Finding occurrence of character from multiple vector or list


I wish to find the number of times a unique/distinct character occurs accross mulitple vectors or from a list.

Perhaps its best to describe in an example ;

In this example, lets say the "unique character" are letters. And the muliple "vectors" are books. I wish to find the occurance of the letters as the number of book increases.

# Initial data in the format of a list
book_list <- list(book_A <- c("a", "b", "c", "z"),
                  book_B <- c("c", "d", "a"),
                  book_C <- c("b", "a", "c", "e", "x"))

# Initial data in the format of multiple vectors
book_A <- c("a", "b", "c", "z")
book_B <- c("c", "d", "a")
book_C <- c("b", "a", "c", "e", "x")

# Finding the unique letters in each book
# This is the part im struggling to code in a loop fashion
one_book <- length(unique(book_A))
two_book <- length(unique(c(book_A, book_B)))
three_book <- length(unique(c(book_A, book_B, book_C)))

# Plot the desired output
plot(x=c(1,2,3), 
     y=c(one_book, two_book, three_book), 
     ylab = "Number of unqiue letters", xlab = "Book Number",
     main="The occurence of unique letters as number of book increases")

enter image description here

To Note : The real data set is much bigger. Each vector (book_A, book_B...etc) is about 7000 in length.

I attempting to solve the problem with dplyr or data frame, but I'm not quite there yet.

# Explore data frame option with an example data
library(dplyr)
df <- read.delim("http://m.uploadedit.com/ba3s/148950223626.txt")

# Group them
df_group <- dplyr::group_by(df, book) %>% summarize(occurence = length(letter))

# Use the cummuative sum
plot(x=1:length(unique(df$book)), y=cumsum(df_group$occurence))
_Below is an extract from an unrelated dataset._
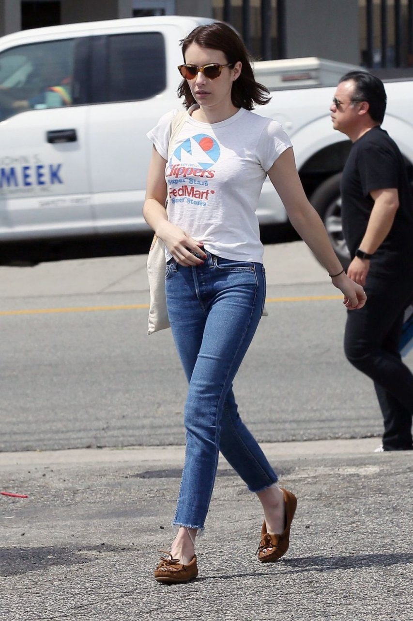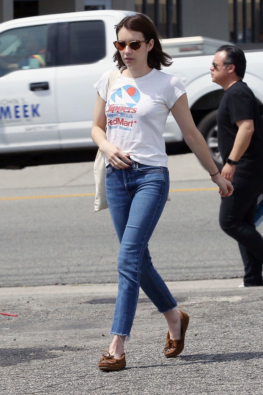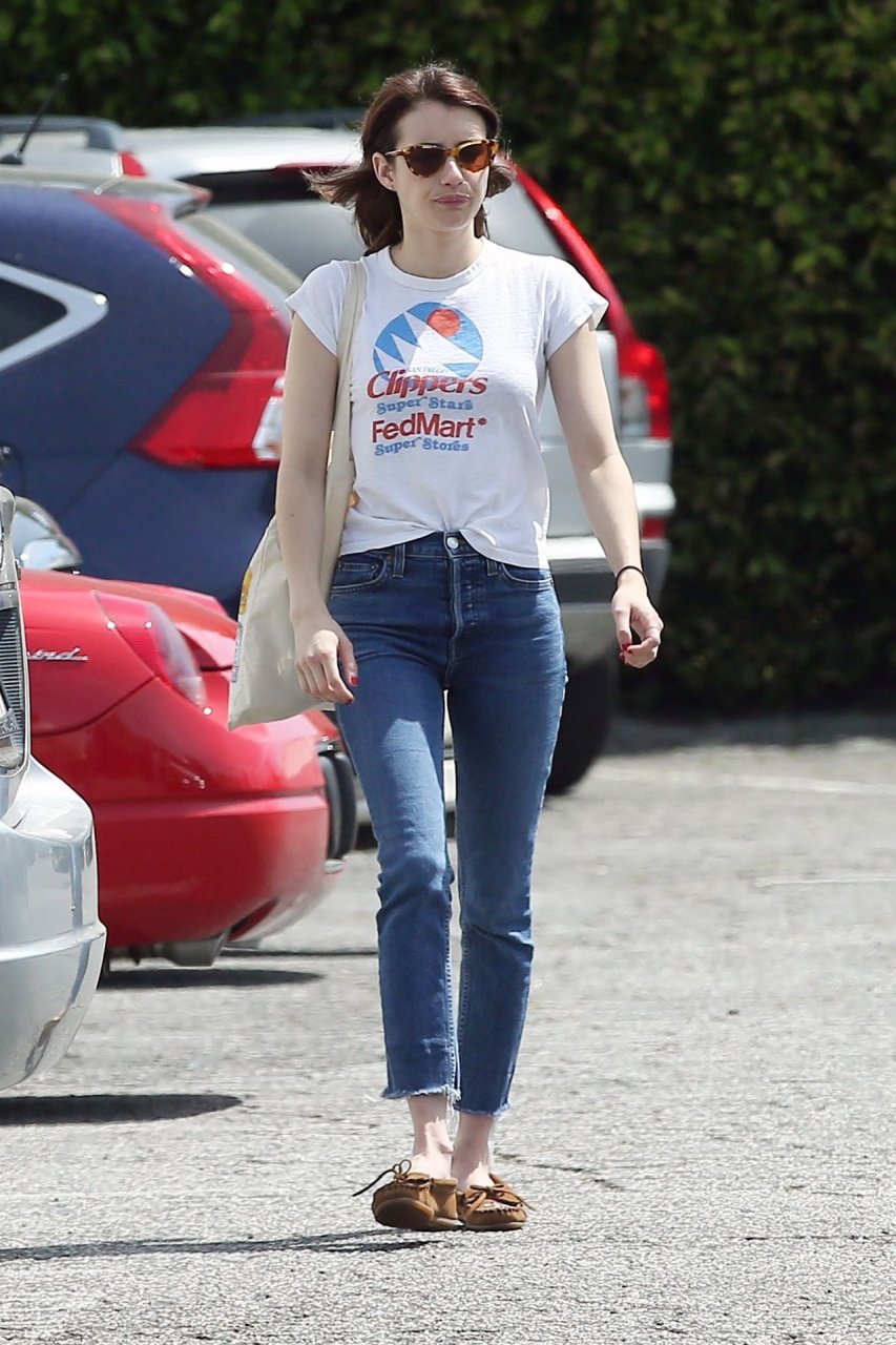 Atriz Emma Roberts resolve alguns afazeres enquanto passeia pelo bairro Los Feliz em Los Angeles, vestindo uma camiseta branca sem sutiã e jeans azul, 09/04/2019.

But I know the plot is not correct, as it is only plotting the cummulative sum rather than what I intended. Any hints would be most helpful.

To add to the complexity, it would be nice if the book which have the shortest number of letter first can be ploted. Something along the line

# Example ;
# Find the length of the letters in the book
lapply(book_list, length)

# I know that book_B is has the shortest number of letters (3);
# followed by book_A (4) then book_C (5)
one_book <- length(unique(book_B))
two_book <- length(unique(c(book_B, book_A)))
three_book <- length(unique(c(book_B, book_A, book_C)))


plot(x=c(1,2,3), 
     y=c(one_book, two_book, three_book), 
     ylab = "Number of letters", xlab = "Book Number")

Solution

  • You can use Reduce with accumulate = TRUE, i.e.

    sapply(Reduce(c, book_list, accumulate = TRUE), function(i) length(unique(i)))
    #[1] 4 5 7